**MATERIAL SHOWN:**

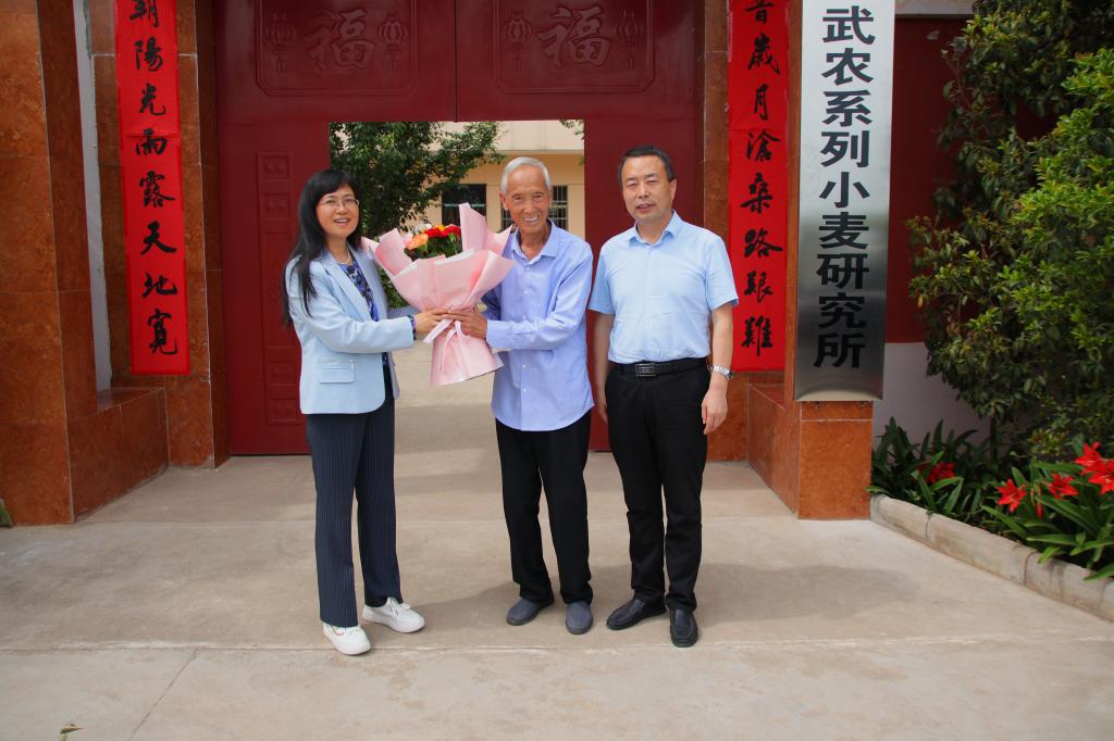 眼下正值小麦成熟期,武农系列小麦研究所里,“武农981”、“武农988”等品种长势喜人,一片丰收在望的景象。在赵瑜的带领下,陈宁一行走进田间地头,参观了武农系列小麦品种,了解了大穗大粒超高产小麦品种“武农981”、“武农988”的繁殖、试种和表现情况。她表示,为了加强赵瑜旱区作物(小麦)育种工程中心团队建设,学校将引进相关专业的博士,希望赵瑜老师发挥余热,为团队建设贡献力量。
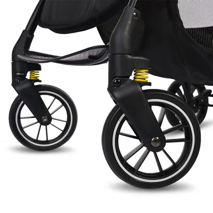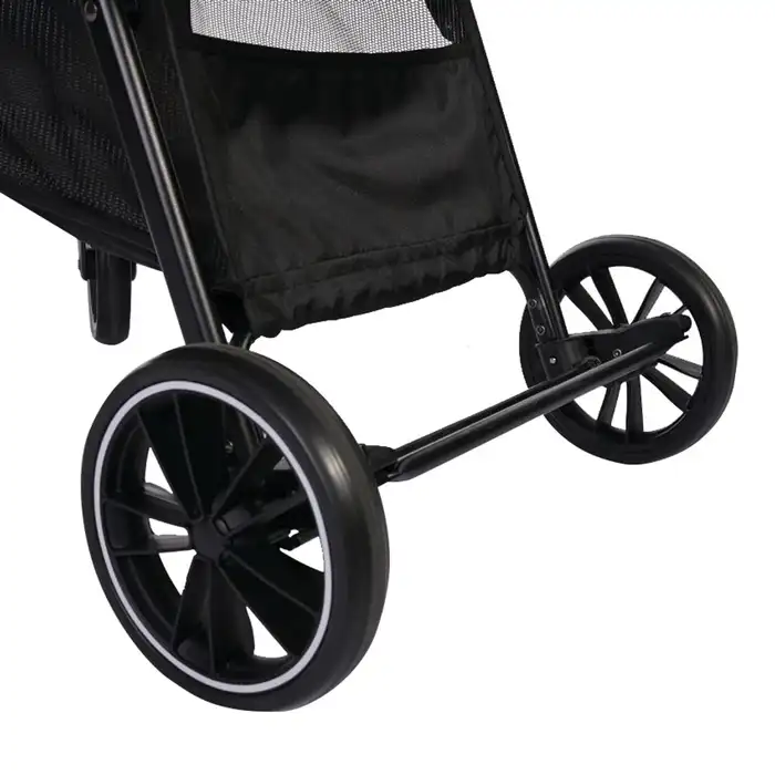 Kolicima se lako manevriše zahvaljujući prednjim točkovima koji se okreću i fiksnim zadnjim točkovima sa kočionim sistemom, što ih čini pogodnim za sve terene, čak i u gužvi. Sa dimenzijama točkova prednji Ø 15,5cm i zadnji Ø 17,5cm, ova kolica su spremna da vas prate u svakodnevnim avanturama.
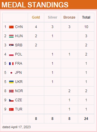 On the fourth day of the finals at the ISSF World Cup, China secured remarkable victories, winning two gold medals, one silver medal, and one bronze medal in two different events.
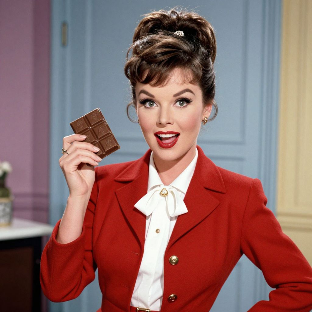 Photograph of a smiling white woman with fair skin and dark brown, wavy hair, wearing a white cowboy hat and a blue plaid shirt. She is kneeling in a field of ripe, red tomatoes, with her hands resting on the tomatoes. The background is a clear blue sky, and the field stretches out in the distance. The woman has red lipstick and a cheerful expression, with her blue eyes looking directly at the camera. The image has a bright, vibrant color palette and a slightly retro, 1950s-style aesthetic.
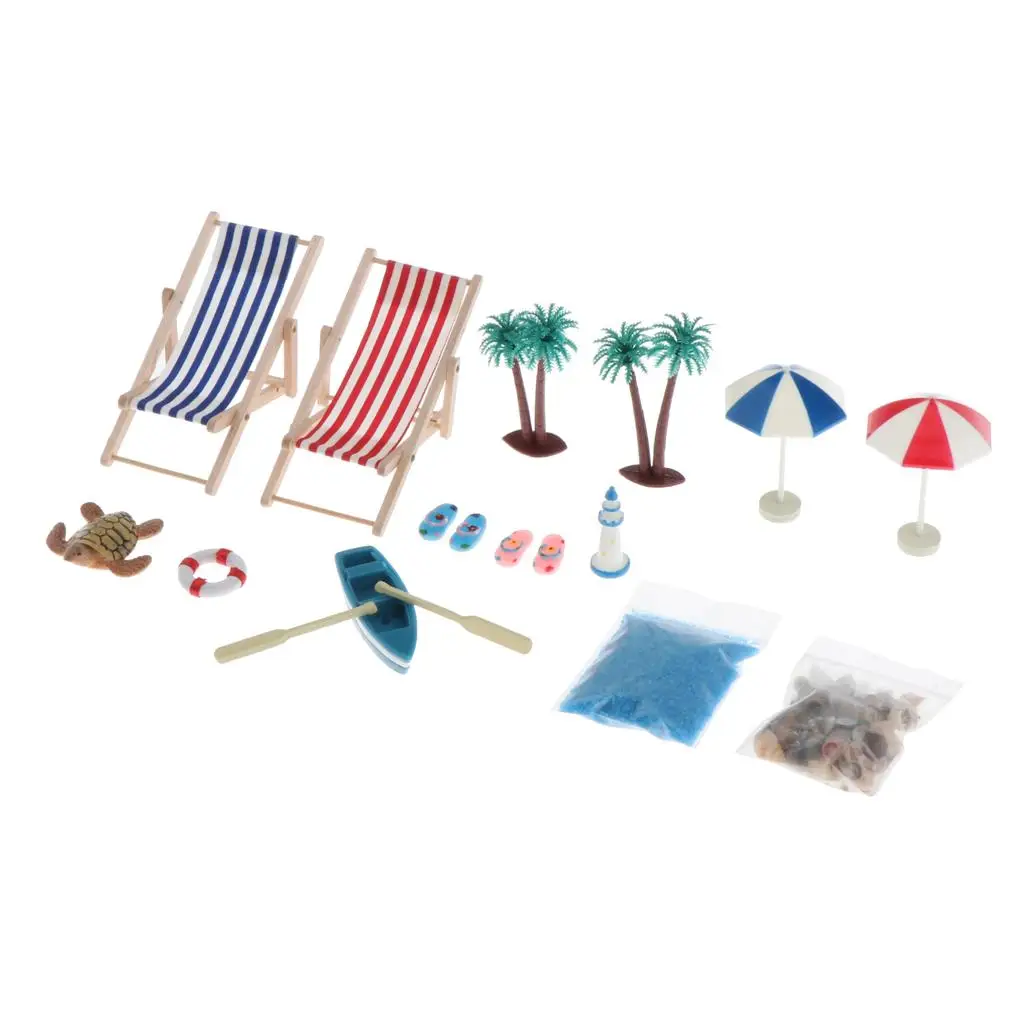 1/12 Dollhouse Miniature Beach Furniture Set Multicolor Artist Offering for Dollhouse Scenes and Gifts
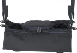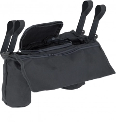 Jednoduché připevnění pomocí suchých zipů na bocích drží organizér stabilně na madle. Dvě prostorné přihrádky na nápoje s průměrem cca 7 cm a další kapsy na drobnosti poskytnou dost místa pro vše, co potřebujete mít po ruce.
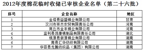 2012年度棉花臨時(shí)收儲已審核企業(yè)名單(第二十六批)
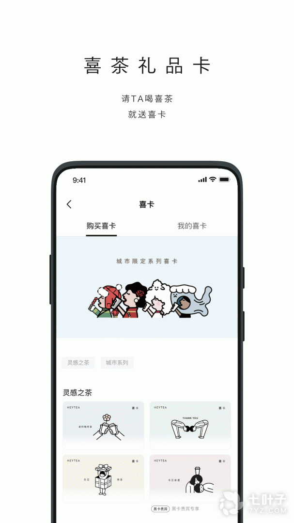 5、请TA喝喜茶,就送阿喜有礼卡.众多创意卡面不定期上新.用一杯喜茶和他(她)sayhey 吧
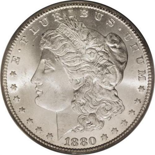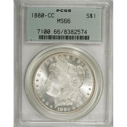 <B>1880-CC $1 8 Over High 7 MS66 PCGS.</B></I> VAM-5. A Top 100 Variety. The overdate feature and VAM are undesignated on the PCGS green label, but there is clear evidence of the crossbar and upright of a high underdigit 7 within the second 8 of the date; just a slight portion of the base of the 7 shows beneath the 8. The radiantly lustrous surfaces of this Premium Gem display just the slightest hint of light tan speckles under high magnification. Partially prooflike fields establish mild contrast with the well struck motifs. A few minor luster grazes are consistent with the grade designation, and there are some light obverse as-made roller marks. Population: 58 in 66 8 Over High 7, 5 finer (7/07).<BR><I>From The Arnold & Harriet Collection, Part Two.</B></I><BR><BR><B>Coin Engraver:</B> George T. Morgan<BR><BR><b>Shipping:</b> Coins & Currency (<a target="_blank" href="http://www.heritageauctions.com/common/shipping.php">view shipping information</a>)
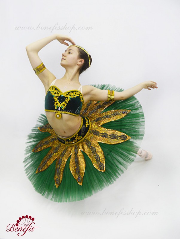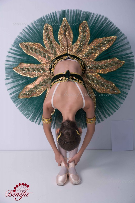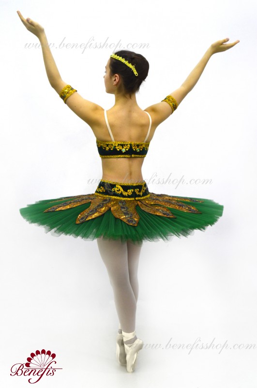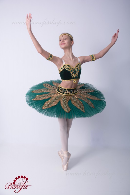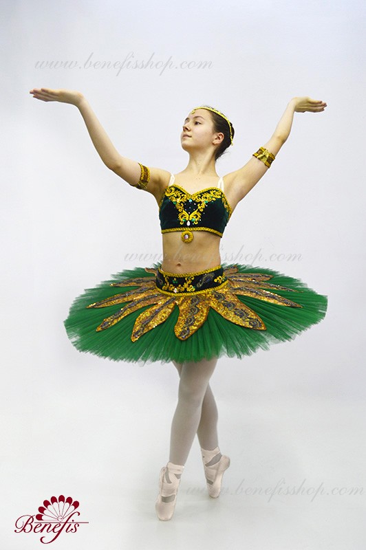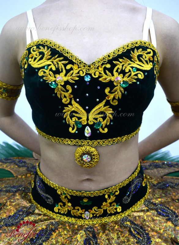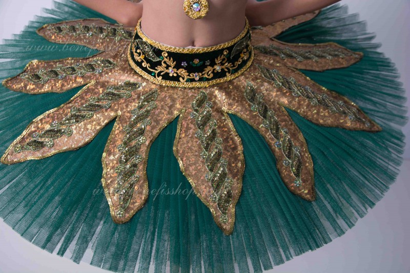 Professional stage costume made on the basis of the basic tutu T0001B. The bodice is made of elastic fabric and two parts such as a cropped bodice and a yoke.
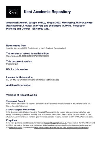 Amankwah-Amoah, Joseph, Lu, Yingfa (2022) Harnessing AI for business development: A review of drivers and challenges in Africa. Production Planning and Control, . ISSN 0953-7287. (doi:10.1080/09537287.2022.2069049) (KAR id:94058)

**WHAT TO WORK ON:** Copy only the lines running from the one that holds "Professional stage costume" through the last line of the data, and include both of those lines. Do not copy any pictures.

**SOLUTION:**
 Professional stage costume made on the basis of the basic tutu T0001B. The bodice is made of elastic fabric and two parts such as a cropped bodice and a yoke.
 Amankwah-Amoah, Joseph, Lu, Yingfa (2022) Harnessing AI for business development: A review of drivers and challenges in Africa. Production Planning and Control, . ISSN 0953-7287. (doi:10.1080/09537287.2022.2069049) (KAR id:94058)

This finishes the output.